Photo: Christopher Jue/ Getty Images.

The stalemate over marriage equality looks set to continue in Australia until at least the end of 2017 after a special meeting of the Liberal Party room to debate the issue decided to try to obtain parliamentary approval for a national compulsory plebiscite once again.

The party has been split between those who favour of same-sex marriage and hardline conservatives against it, while others have sought to find middle-ground in order to end the long-running debate which has distracted the government from its economic agenda.

Liberal MPs met in Canberra for two hours this afternoon after prime minister Malcolm Turnbull called an extraordinary meeting to debate the issue, which has come to the surface again via a private private members’ bill from a group of Coalition MPs, led by WA senator Dean Smith for a parliamentary “free” vote on the issue.

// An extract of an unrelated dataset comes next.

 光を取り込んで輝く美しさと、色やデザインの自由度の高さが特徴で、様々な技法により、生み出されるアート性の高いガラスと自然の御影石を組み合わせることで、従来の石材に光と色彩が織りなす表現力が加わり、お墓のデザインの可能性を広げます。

But following the two-hour meeting, the Liberals decided overwhelmingly to maintain their policy position of a plebiscite. Only six MPs backed the move to a free vote: Trevor Evans, Jason Wood, Tim Wilson, John Alexander, Warren Entsch and Trent Zimmerman.

Under the government’s existing proposal, if the majority of Australian’s voted in favour of same-sex marriage, it would then move to a free vote in parliament.

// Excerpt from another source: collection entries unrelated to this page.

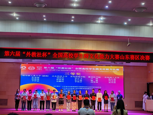 9月24日,第六届“外教社杯”全国高校学生跨文化能力大赛山东赛区(本科院校组)复赛及决赛在山东理工大学落下帷幕。av解说 由临床医学院卢倩、杨硕,av解说 周笑寒组成的团队获得山东赛区三等奖,学校获得优秀组织奖。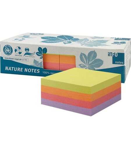 iNFO Nature Notes Mix 75x75 mm, 400 blade - notes lavet af 100% genanvendt papiriNFO Nature notes er produceret hos en af verdens førende producenter af notes, hvor der ikke bare hersker fokus på at producere kvalitetspapir med stærk lim, hvor både produkter og processer er optimeret efter høje standarter. Med iNFO Nature notes får du ikke bare memoblokke produceret i 100% genanvendt papir, men selv emballagen er produceret i genanvendte materialer. Blokkene leveres i flotte kartonner uden plastindpakning.Post-its eller notes er en af verdens mest solgte kontorartikler. De er helt uundværlige på ethvert kontor, til dig som i farten har behov for at tage midlertidige notaer og kunne flytte disse rundt efter behov. iNFO Nature notes kan fås i en række af de gængse formater – og du kan vælge frit mellem den traditionelle gule farve eller en af de mere spændende mixede farver. Format: 75x75 mmFarve: 2 cubes med farverne orange, grøn, koral og lilla100 blade pr. blok2 cubes i en pakkeEkstra bred 25 mm limfeltVandbaseret lim uden opløsningsmidlerBlue Angel Ecolabel certificeretProduceret af 100% genanvendt papirEmballagen er produceret i genanvendte materialerProduceret i Tyskland ...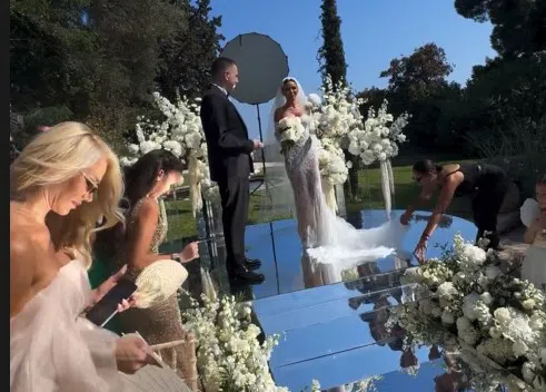 Вилата, избрана за купона разполага с голям басейн, около който бяха наредени масите на празнуващите. В него пък се потопи ансамбъл по синхронно плуване, за да ги забавлява. Не липсваше и балет на дансинга. Логично украсата бе от бели цветя и свещи. Гостите се пазеха от жаркото слънце със специални бели чадъри, в бяла дантелена рокля бе и булката. Косата й бе покрита с воал. До своеобразния олтар я заведе единствената й наследница Марая.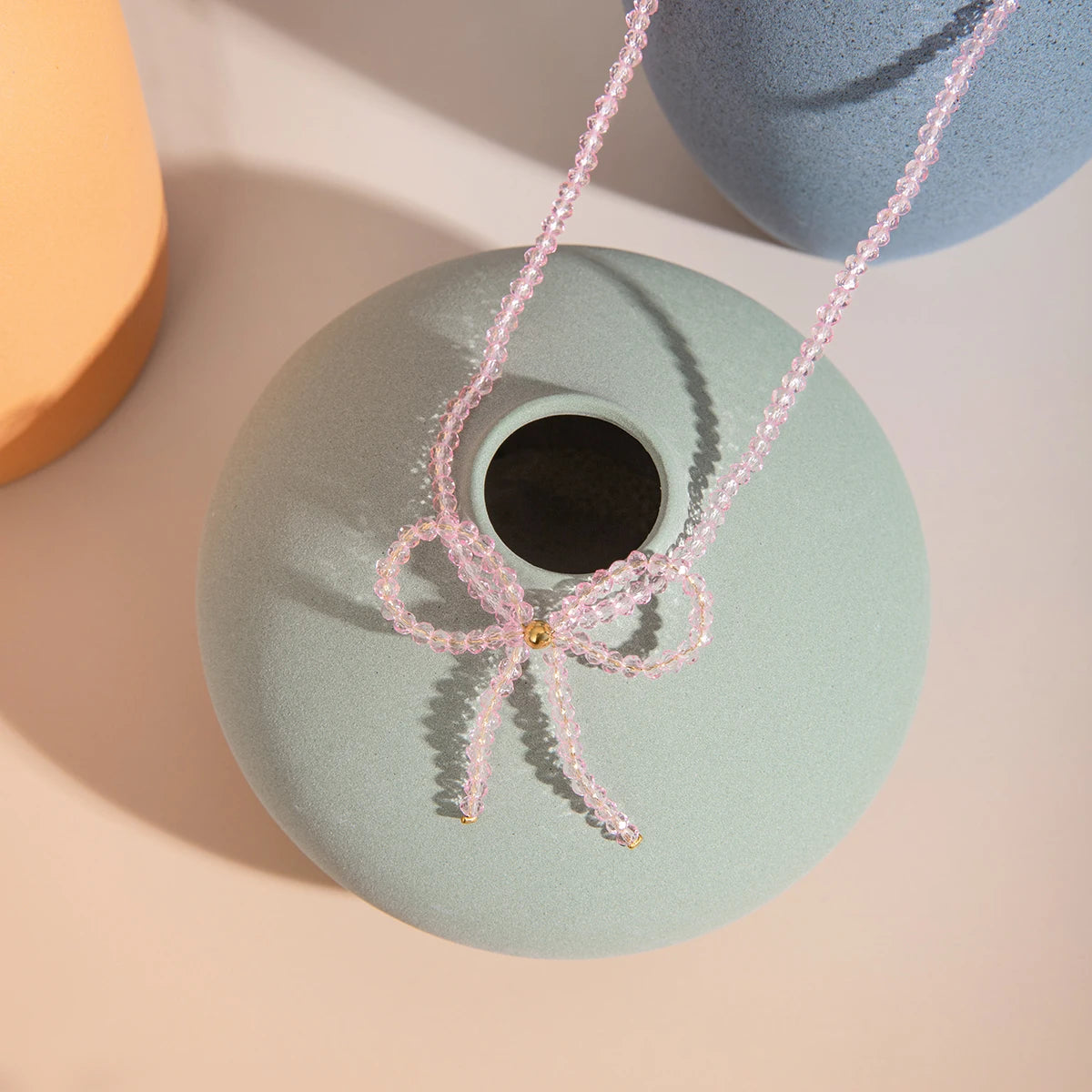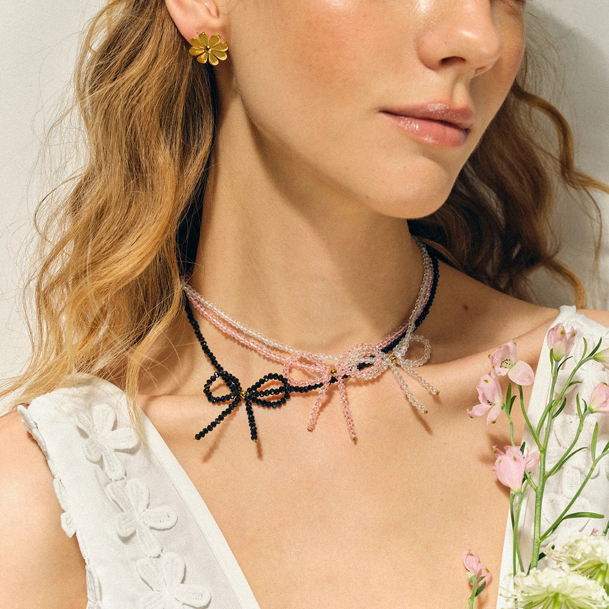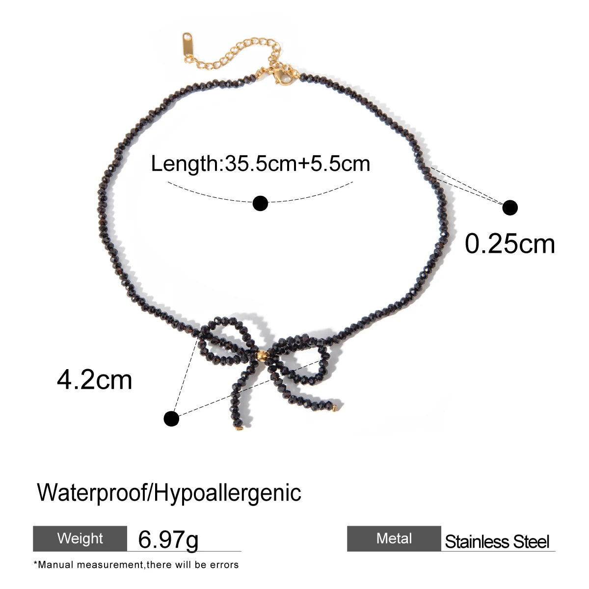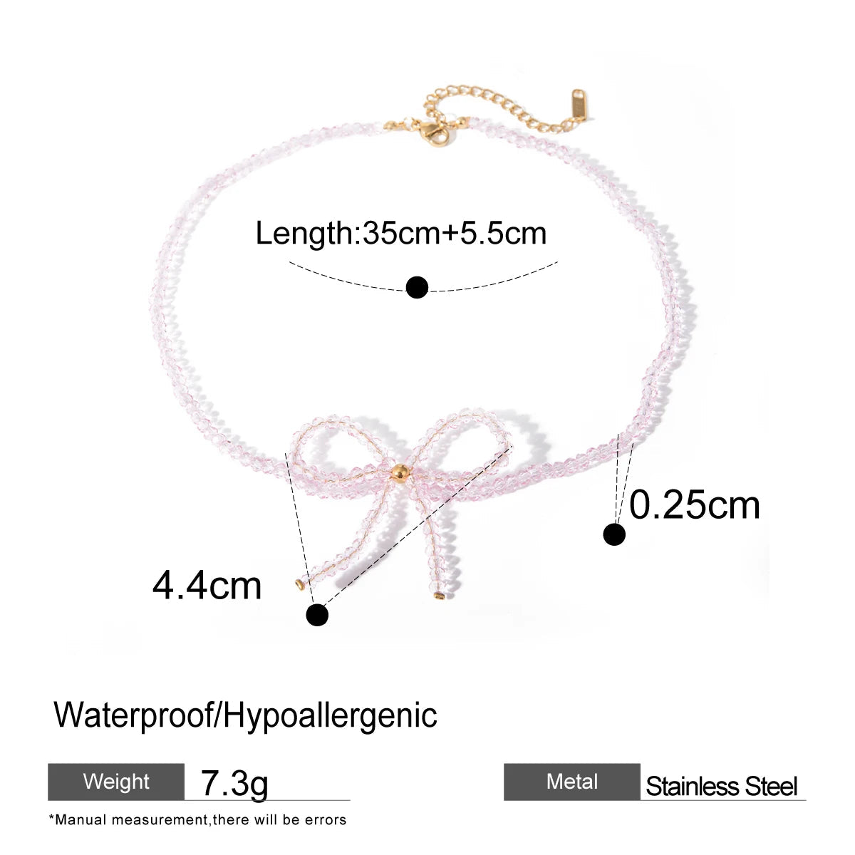 ステンレス304 ニッケルフリー 水に濡れても錆びにくい 18Kゴールドメッキ チョーカー ネックレス ビーズ リボン【YJ00864】

Labor backed the private member’s bill as “an acceptable compromise” after caucus met to discuss the issue earlier today.

Cabinet also met earlier in the day and went into the party room meeting with a three-step plan, starting with the plebiscite once again. If that fails to gain majority support in parliament – the Senate blocked the government’s plebiscite election promise in October last year in a 33-29 vote – the next step would be a postal vote, an idea put forward by immigration minister Peter Dutton.

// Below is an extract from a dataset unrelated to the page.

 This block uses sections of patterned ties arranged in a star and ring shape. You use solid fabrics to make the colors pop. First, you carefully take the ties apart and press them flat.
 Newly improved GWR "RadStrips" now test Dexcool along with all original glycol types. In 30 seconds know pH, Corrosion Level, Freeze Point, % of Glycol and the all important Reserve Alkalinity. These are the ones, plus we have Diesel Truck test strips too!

The postal vote would not be compulsory and would not require parliamentary approval.

Lobby group Australian Marriage Equality has already threatened a legal challenge if the postal vote plan, which is expected to cost taxpayers up to $40 million, goes ahead.

If both of those ideas fail, the Cabinet’s Plan C is free vote by the end of the year, but speaking after the decision today, finance minister Mathias Cormann said whether than would go ahead would be considered by the joint party room in a meeting on Tuesday.

“The government is committed to keep faith with the promise we made at the last election,” he said.

Senator Cormann said was not up to the Senate to decision if they preferred to back a compulsory plebiscite or the optional postal vote.

“If there are concerns about the voluntary postal plebiscite then I would encourage those senators who are so concerned to consider supporting the government’s bill,” he said.

Cormann says the plebiscite legislation is likely to return to the Senate this week.

Australian Marriage Equality co-chair Alex Greenwich called the plebiscite a failed policy and the postal vote flawed.

“The government has yet again decided to delay, drag on and disappoint people with their decision today,” he said.

“They had the opportunity to resolve this matter through a vote in parliament and they said ‘no’, we’re going to drag this out.”

Opposition leader Bill Shorten called the government’s decision “ridiculous”.